PROBLEM STATEMENT: Starting at the line below that contains "Sở dĩ có những" and ending at the line that contains "Energy Source ID", retype each line exactly as it stands, but omit the pictures.

EXERCISE MATERIAL:
● ● ● ●
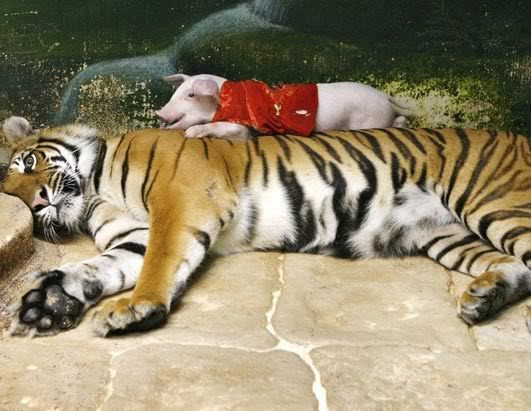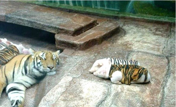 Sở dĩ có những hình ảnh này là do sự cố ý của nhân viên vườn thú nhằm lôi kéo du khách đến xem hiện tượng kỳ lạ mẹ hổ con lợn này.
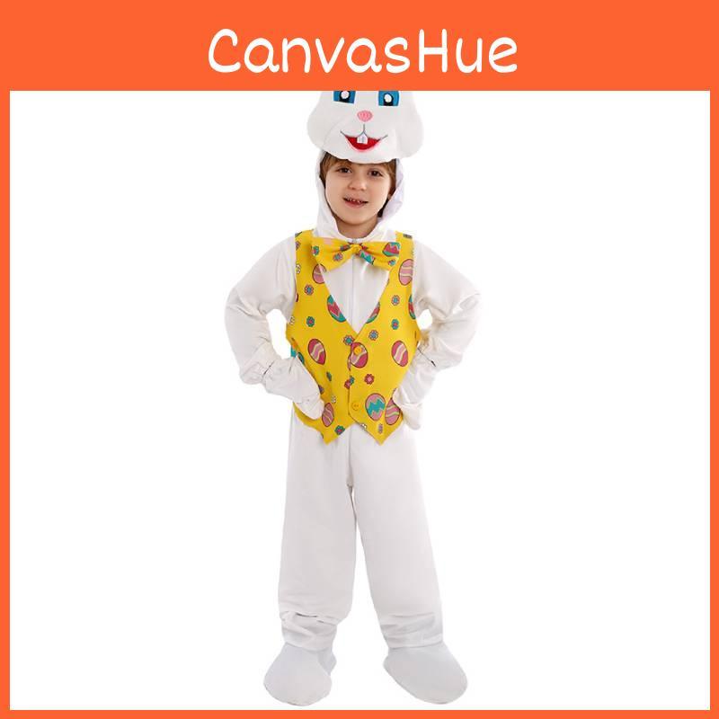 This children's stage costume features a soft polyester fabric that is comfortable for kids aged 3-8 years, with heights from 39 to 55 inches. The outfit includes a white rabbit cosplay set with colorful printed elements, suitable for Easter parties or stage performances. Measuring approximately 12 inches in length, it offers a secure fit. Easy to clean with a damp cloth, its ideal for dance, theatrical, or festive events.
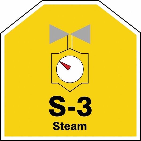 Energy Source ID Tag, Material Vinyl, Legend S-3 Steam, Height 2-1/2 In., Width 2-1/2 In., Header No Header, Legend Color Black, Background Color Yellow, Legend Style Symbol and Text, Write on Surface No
● ● ● ●
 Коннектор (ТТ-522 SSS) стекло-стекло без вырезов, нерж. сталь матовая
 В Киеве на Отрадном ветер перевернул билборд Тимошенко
● ● ● ●
EXERCISE RESULT:
 Sở dĩ có những hình ảnh này là do sự cố ý của nhân viên vườn thú nhằm lôi kéo du khách đến xem hiện tượng kỳ lạ mẹ hổ con lợn này.
 This children's stage costume features a soft polyester fabric that is comfortable for kids aged 3-8 years, with heights from 39 to 55 inches. The outfit includes a white rabbit cosplay set with colorful printed elements, suitable for Easter parties or stage performances. Measuring approximately 12 inches in length, it offers a secure fit. Easy to clean with a damp cloth, its ideal for dance, theatrical, or festive events.
 Energy Source ID Tag, Material Vinyl, Legend S-3 Steam, Height 2-1/2 In., Width 2-1/2 In., Header No Header, Legend Color Black, Background Color Yellow, Legend Style Symbol and Text, Write on Surface No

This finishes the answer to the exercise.